Vandinho

Personal information
- Full name: Vanderson Válter de Almeida
- Date of birth: 15 January 1978 (age 47)
- Place of birth: Cuiabá, Brazil
- Height: 1.83 m (6 ft 0 in)
- Position(s): Midfielder

Senior career*
- Years: Team / Apps / (Gls)
- 1998: Internacional
- 1999: Pelotas
- 2000: Guarani
- 2000: Santa Cruz / 14 / (1)
- 2001: Criciúma
- 2002: Grêmio Inhumense
- 2002–2004: Rio Ave / 53 / (4)
- 2004–2011: Braga / 158 / (8)
- 2011: Sharjah / 6 / (0)
- 2012: Paraná / 11 / (0)
- 2013: Santo Ângelo
- 2013: Cuiabá / 15 / (0)
- 2014: Grêmio Anápolis / 9 / (0)

= Vandinho (footballer, born 1978) =

Brazilian footballer

Vanderson Válter de Almeida (born 15 January 1978), known as Vandinho, is a Brazilian former footballer who played as a central midfielder.

He spent most of his professional career in Portugal, amassing Primeira Liga totals of 182 matches and nine goals over eight seasons.

==Club career==
Vandinho was born in Cuiabá, Mato Grosso. After an unsuccessful spell at Sport Club Internacional, he played mainly with modest clubs in his country: Grêmio Esportivo Brasil, Guarani Futebol Clube, Santa Cruz Futebol Clube, Criciúma Esporte Clube and Grêmio Esportivo Inhumense, moving in 2002–03 to Portugal with Rio Ave F.C. and helping the Vila do Conde team return to the Primeira Liga in his first season.

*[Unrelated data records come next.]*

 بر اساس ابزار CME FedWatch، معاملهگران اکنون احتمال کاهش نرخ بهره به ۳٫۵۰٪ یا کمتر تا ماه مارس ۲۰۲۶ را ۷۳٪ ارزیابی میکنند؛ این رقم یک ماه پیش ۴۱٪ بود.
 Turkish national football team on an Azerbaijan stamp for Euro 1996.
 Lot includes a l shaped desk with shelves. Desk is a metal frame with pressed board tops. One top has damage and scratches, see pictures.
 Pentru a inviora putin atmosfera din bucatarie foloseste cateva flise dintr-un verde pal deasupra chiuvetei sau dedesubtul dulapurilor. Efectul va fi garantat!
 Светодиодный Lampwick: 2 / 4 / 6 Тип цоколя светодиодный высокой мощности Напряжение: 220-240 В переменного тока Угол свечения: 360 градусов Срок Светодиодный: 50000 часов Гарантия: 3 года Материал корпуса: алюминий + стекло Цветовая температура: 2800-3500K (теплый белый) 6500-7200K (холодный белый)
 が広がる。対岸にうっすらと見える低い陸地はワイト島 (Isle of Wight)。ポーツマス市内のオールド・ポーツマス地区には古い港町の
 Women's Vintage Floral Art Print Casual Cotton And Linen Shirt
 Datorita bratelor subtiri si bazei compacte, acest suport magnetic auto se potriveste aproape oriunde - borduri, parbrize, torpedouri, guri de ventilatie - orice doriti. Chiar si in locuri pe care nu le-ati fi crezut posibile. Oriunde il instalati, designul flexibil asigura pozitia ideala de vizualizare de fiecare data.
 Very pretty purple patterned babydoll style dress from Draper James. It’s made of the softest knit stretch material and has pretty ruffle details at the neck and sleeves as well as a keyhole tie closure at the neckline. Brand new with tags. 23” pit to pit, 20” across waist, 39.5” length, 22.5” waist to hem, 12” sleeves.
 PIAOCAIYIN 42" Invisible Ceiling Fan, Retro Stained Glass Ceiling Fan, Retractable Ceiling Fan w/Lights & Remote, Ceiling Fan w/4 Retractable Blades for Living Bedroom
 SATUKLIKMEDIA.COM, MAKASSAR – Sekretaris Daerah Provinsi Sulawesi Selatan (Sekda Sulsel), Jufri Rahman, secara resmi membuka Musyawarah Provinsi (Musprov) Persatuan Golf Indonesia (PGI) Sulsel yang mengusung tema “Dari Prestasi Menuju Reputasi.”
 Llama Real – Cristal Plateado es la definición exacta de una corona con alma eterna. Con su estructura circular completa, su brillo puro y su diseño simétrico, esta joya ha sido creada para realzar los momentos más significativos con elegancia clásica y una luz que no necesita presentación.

For the 2004–05 campaign, Vandinho joined S.C. Braga, being an ever-present midfield unit as the Minho side achieved two consecutive fourth-league places from 2005 to 2007. During his second year he contributed 31 matches and three goals, including in both fixtures against former team Rio Ave (2–1 away, 5–0 at home).

In February 2010, as he continued to be first choice and Braga led the league, Vandinho received a three-month ban for his actions in a scuffle during a 2–0 home win over S.L. Benfica late in the previous year. That effectively ended his season, as they were eventually surpassed in the table by the opponents in that game.

Vandinho helped Braga reach the final of the UEFA Europa League in 2010–11, scoring through a header in the semi-finals' first leg, a 2–1 away loss against Benfica (2–2 aggregate victory). In late August 2011, after nearly one full decade in the same country, the 33-year-old joined Sharjah FC in the United Arab Emirates, for an undisclosed fee.